A Literary History of Reconciliation
Author: Jan Frans van Dijkhuizen
Publsiher: Bloomsbury Publishing
Total Pages: 248
Release: 2018-09-06
Genre: Literary Criticism
ISBN: 9781350027237

Download A Literary History of Reconciliation Book in PDF, Epub and Kindle

From William Shakespeare to Marilynne Robinson, this book examines representations of interpersonal reconciliation in works of literature, focusing on how these representations draw on the language of divine forgiveness. Christian theology sees divine forgiveness as conditional upon a sinner's remorse and self-abasement before God, but also as a form of grace – unconditional and rooted only in divine love. Van Dijkhuizen explores what happens when this paradoxical forgiveness paradigm comes to serve as a template for interpersonal reconciliation. As A Literary History of Reconciliation shows, literary writers imagine interpersonal reconciliation as being centrally about power and hierarchy, and present forgiveness without power as longed for but ever elusive. Drawing on major works of literature from the early modern era to the present day, this book explores works by John Milton, Virginia Woolf, J.M. Coetzee, Ian McEwan and others to craft a literary history that will appeal to readers interested in literature, religion and philosophy.
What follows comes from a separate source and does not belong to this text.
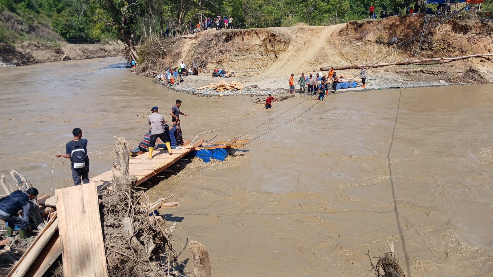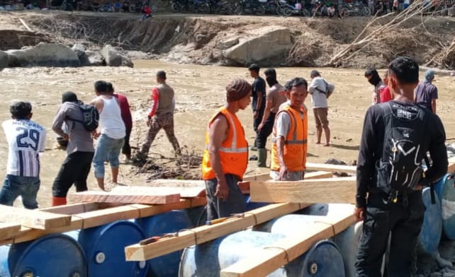 Jembatan darurat tersebut dibangun dengan memanfaatkan drum dan material kayu agar dapat segera digunakan masyarakat dalam menunjang aktivitas sehari-hari, baik menuju desa sekitar maupun ke luar wilayah kecamatan.

Shakespeare Love and Language

Shakespeare  Love and Language
Author: David Schalkwyk
Publsiher: Cambridge University Press
Total Pages: 263
Release: 2018-01-25
Genre: Drama
ISBN: 9781107187238

Download Shakespeare Love and Language Book in PDF, Epub and Kindle

Comprehensive study of the concept of love in Shakespeare's work, exploring historical contexts, theory and philosophy of love.